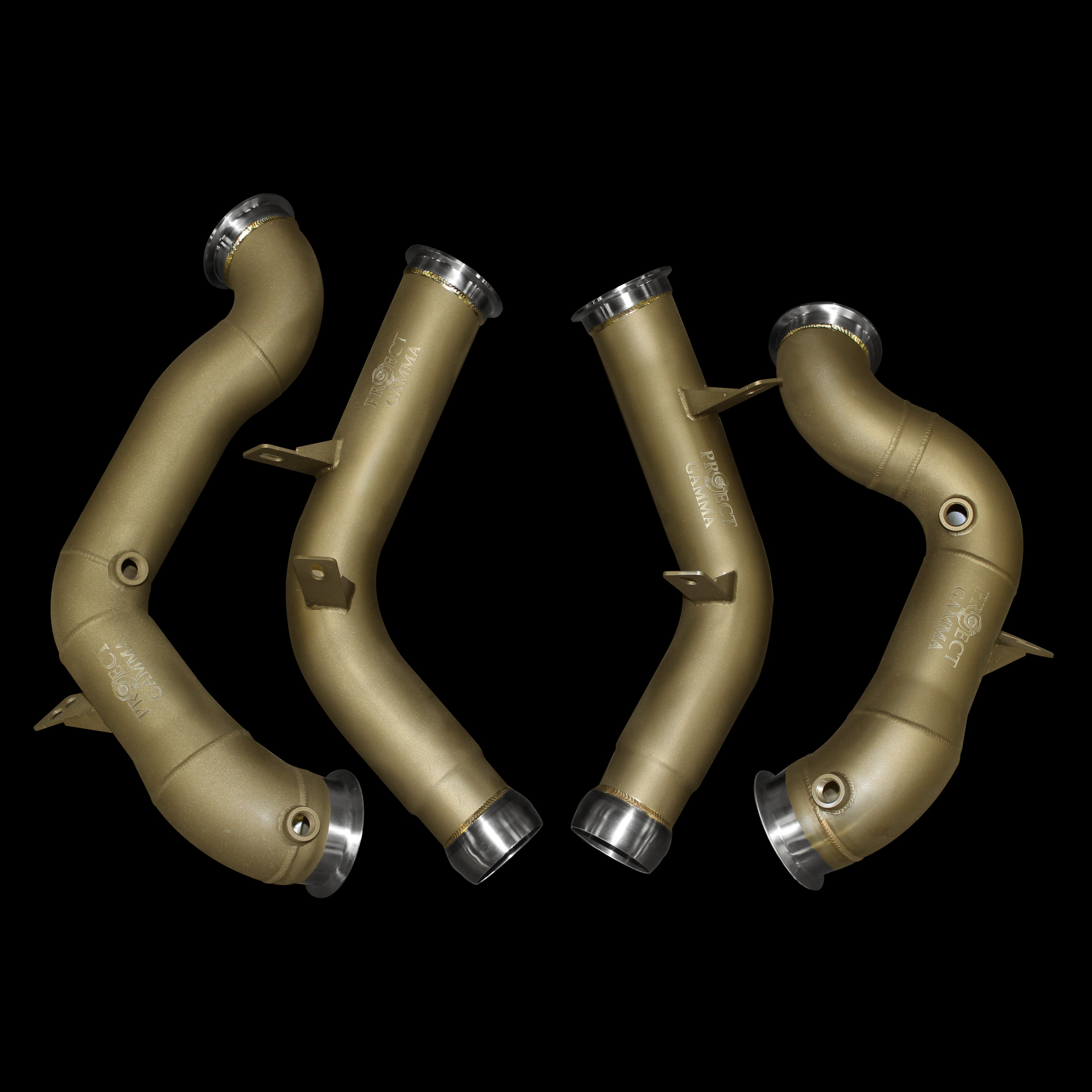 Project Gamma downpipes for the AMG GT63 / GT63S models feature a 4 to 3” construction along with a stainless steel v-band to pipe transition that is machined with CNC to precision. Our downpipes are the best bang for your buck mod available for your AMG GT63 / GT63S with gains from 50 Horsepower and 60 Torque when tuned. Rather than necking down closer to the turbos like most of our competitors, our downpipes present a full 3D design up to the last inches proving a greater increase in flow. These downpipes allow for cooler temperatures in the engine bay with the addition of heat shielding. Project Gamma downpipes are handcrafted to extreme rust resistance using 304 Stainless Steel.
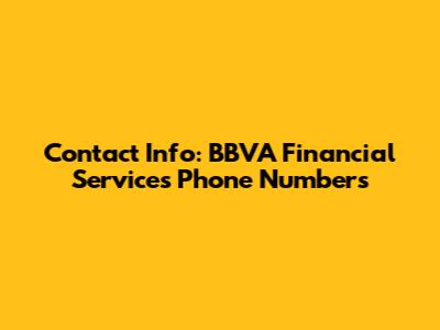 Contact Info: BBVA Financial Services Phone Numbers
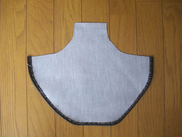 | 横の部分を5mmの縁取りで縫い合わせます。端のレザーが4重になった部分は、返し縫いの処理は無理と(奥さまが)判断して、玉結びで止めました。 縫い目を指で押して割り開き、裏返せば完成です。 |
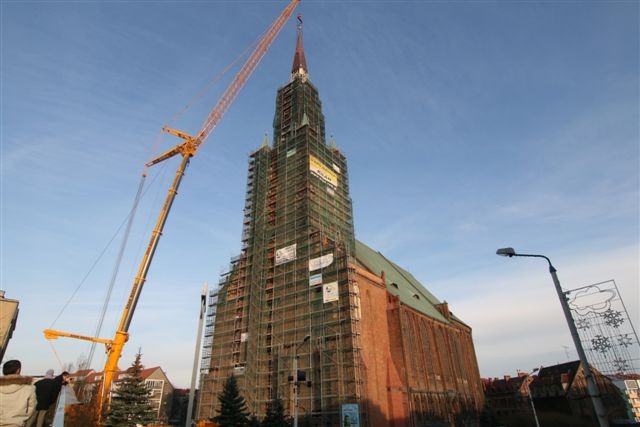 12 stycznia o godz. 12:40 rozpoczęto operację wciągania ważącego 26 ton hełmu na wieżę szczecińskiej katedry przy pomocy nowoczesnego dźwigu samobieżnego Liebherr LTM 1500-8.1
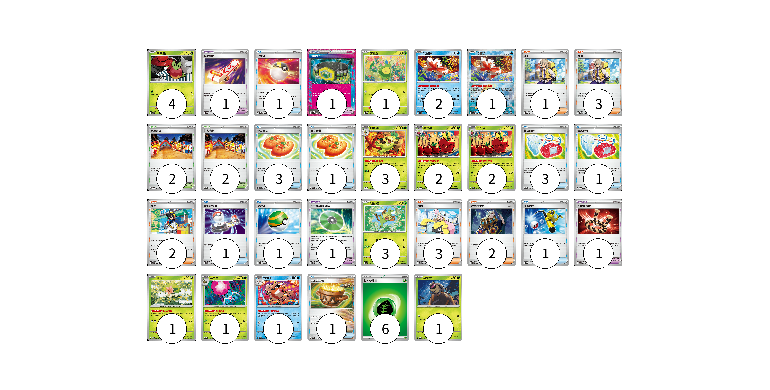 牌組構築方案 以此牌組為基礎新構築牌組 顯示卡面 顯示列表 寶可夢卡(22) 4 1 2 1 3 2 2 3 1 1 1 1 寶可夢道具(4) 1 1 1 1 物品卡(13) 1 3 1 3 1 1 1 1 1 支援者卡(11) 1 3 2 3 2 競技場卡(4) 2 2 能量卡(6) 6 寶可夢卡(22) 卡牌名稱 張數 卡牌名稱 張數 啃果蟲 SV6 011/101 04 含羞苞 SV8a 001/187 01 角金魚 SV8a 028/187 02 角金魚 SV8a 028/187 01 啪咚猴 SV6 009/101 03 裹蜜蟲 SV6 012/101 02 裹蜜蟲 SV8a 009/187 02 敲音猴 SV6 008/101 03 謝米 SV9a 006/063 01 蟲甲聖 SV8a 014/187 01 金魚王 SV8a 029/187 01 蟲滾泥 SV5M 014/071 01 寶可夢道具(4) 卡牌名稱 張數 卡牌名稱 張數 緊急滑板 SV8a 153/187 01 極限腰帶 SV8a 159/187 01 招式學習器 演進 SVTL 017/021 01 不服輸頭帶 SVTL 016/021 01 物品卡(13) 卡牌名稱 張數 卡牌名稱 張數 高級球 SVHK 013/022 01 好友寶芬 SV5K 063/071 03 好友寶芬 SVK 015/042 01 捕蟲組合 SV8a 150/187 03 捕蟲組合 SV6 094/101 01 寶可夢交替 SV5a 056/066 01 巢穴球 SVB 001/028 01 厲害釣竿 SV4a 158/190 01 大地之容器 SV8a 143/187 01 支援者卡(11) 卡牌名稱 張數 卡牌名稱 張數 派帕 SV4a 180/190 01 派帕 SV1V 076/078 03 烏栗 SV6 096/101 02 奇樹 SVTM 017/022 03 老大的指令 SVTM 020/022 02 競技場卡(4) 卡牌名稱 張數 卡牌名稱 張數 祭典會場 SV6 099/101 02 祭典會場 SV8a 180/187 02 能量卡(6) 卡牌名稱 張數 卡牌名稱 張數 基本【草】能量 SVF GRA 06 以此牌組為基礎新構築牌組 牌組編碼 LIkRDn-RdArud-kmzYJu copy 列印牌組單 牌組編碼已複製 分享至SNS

● ● ●

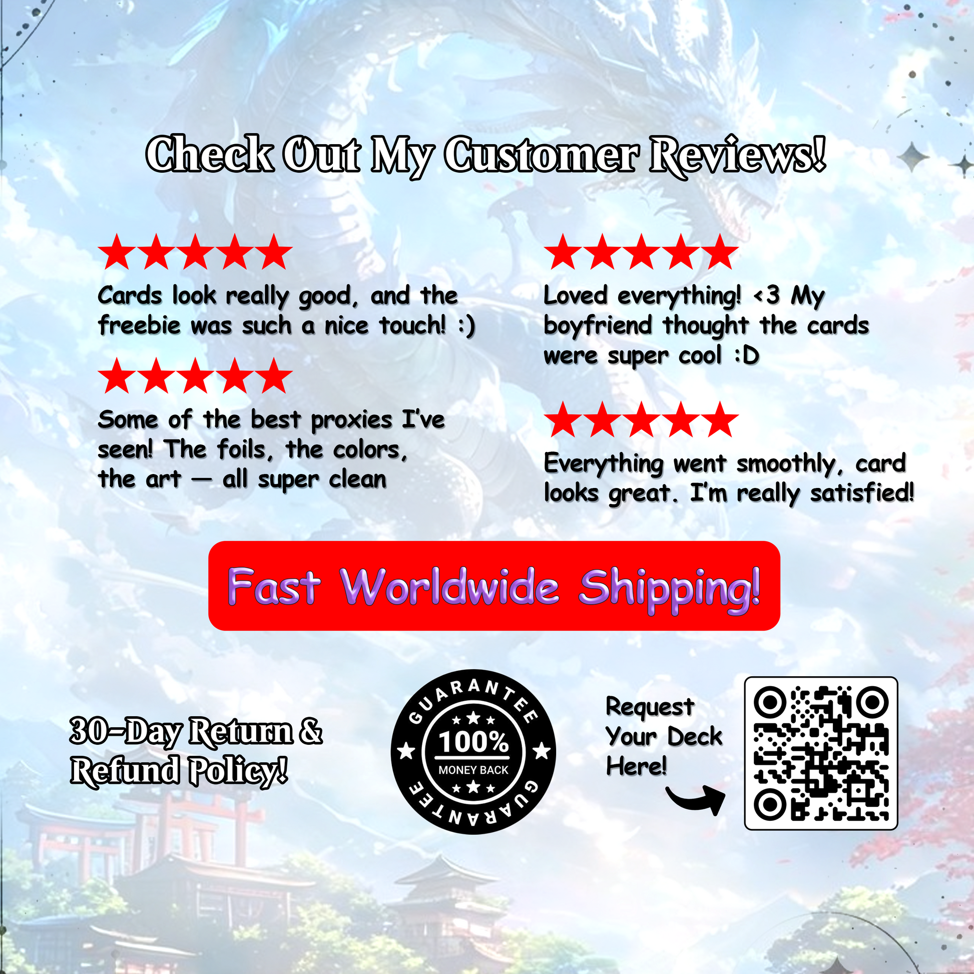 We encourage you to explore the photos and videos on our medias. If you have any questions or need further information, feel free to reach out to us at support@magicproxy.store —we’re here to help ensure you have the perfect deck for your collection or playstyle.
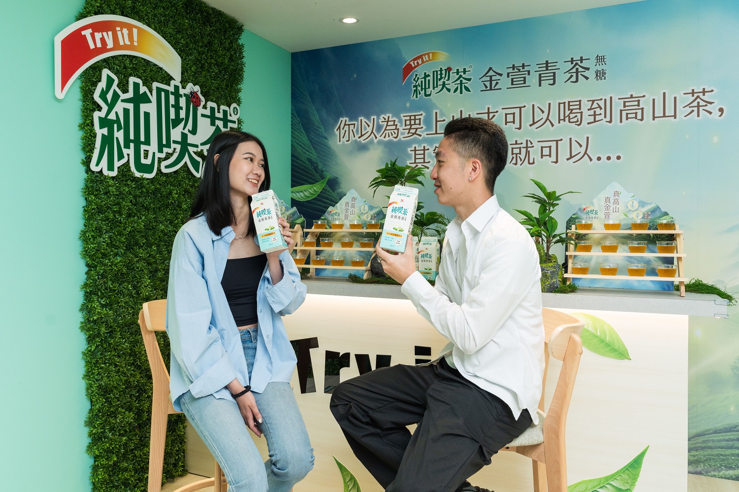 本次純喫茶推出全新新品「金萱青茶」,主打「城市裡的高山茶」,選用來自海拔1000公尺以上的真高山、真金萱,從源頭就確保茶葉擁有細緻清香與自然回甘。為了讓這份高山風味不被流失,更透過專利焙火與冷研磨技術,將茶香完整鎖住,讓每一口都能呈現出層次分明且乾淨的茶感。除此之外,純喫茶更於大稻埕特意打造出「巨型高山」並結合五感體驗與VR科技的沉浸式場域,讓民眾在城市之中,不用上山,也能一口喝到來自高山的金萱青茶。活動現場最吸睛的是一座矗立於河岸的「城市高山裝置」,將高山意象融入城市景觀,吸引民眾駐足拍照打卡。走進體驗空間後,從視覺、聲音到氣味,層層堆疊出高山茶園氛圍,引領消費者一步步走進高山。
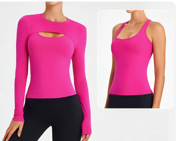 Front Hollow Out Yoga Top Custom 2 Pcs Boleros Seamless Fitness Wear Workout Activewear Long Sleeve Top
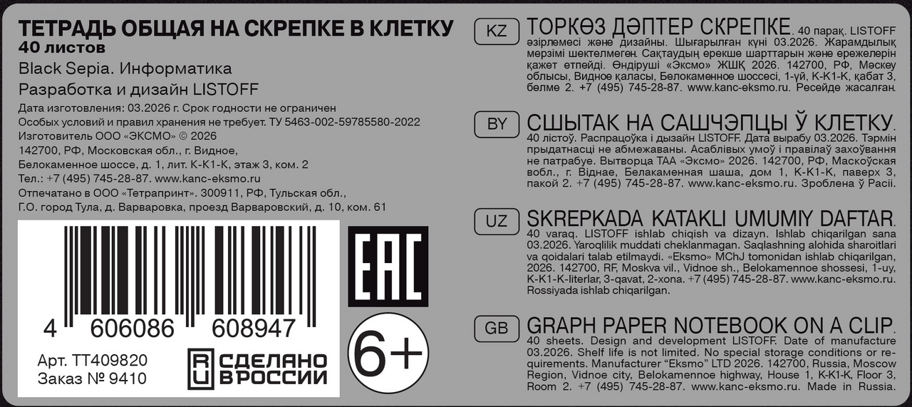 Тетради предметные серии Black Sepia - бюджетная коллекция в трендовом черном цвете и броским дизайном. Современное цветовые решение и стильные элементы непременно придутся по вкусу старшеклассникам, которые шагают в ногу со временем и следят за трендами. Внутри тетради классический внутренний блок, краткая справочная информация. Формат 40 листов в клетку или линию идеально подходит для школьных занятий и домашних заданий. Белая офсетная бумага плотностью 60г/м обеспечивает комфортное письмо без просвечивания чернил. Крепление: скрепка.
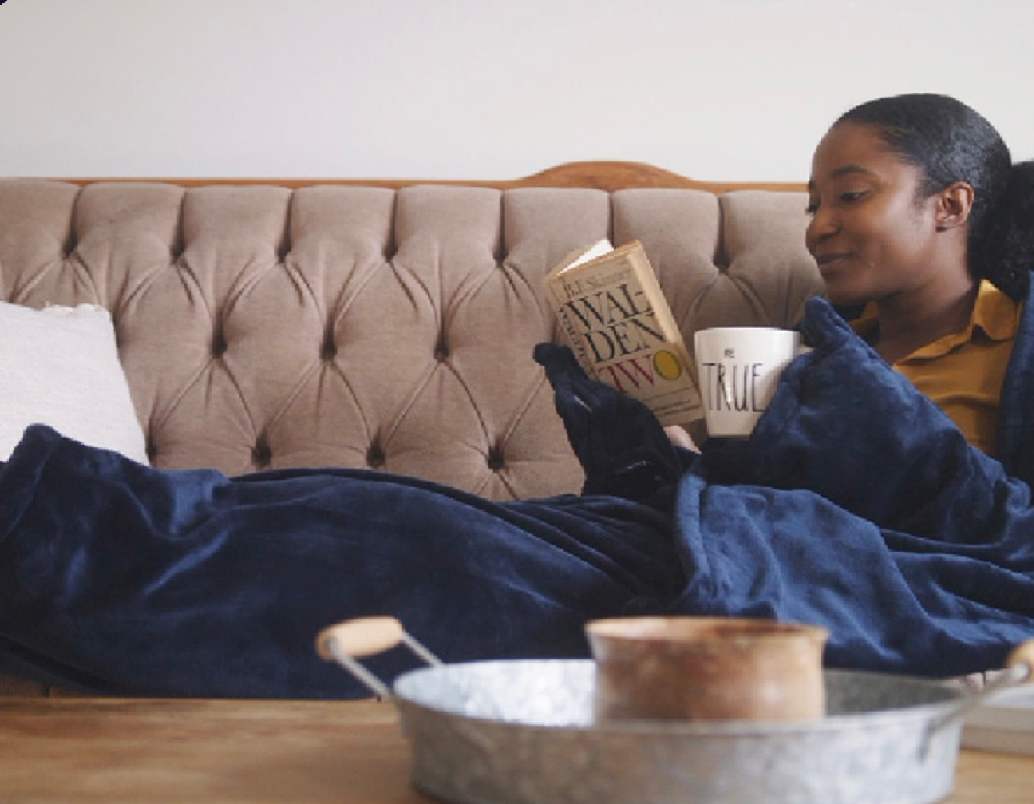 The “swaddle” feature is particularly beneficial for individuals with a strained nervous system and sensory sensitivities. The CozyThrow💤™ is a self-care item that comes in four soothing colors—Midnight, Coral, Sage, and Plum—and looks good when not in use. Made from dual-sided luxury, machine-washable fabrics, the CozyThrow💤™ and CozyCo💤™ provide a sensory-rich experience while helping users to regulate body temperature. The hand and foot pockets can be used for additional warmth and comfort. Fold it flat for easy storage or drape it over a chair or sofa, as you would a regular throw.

● ● ●

## What you have to do
Beginning at the line above that contains "Тетради предметные серии", repeat each line exactly through the one that contains "a regular throw.", and leave out the pictures.

## Problem solution
 Тетради предметные серии Black Sepia - бюджетная коллекция в трендовом черном цвете и броским дизайном. Современное цветовые решение и стильные элементы непременно придутся по вкусу старшеклассникам, которые шагают в ногу со временем и следят за трендами. Внутри тетради классический внутренний блок, краткая справочная информация. Формат 40 листов в клетку или линию идеально подходит для школьных занятий и домашних заданий. Белая офсетная бумага плотностью 60г/м обеспечивает комфортное письмо без просвечивания чернил. Крепление: скрепка.
 The “swaddle” feature is particularly beneficial for individuals with a strained nervous system and sensory sensitivities. The CozyThrow💤™ is a self-care item that comes in four soothing colors—Midnight, Coral, Sage, and Plum—and looks good when not in use. Made from dual-sided luxury, machine-washable fabrics, the CozyThrow💤™ and CozyCo💤™ provide a sensory-rich experience while helping users to regulate body temperature. The hand and foot pockets can be used for additional warmth and comfort. Fold it flat for easy storage or drape it over a chair or sofa, as you would a regular throw.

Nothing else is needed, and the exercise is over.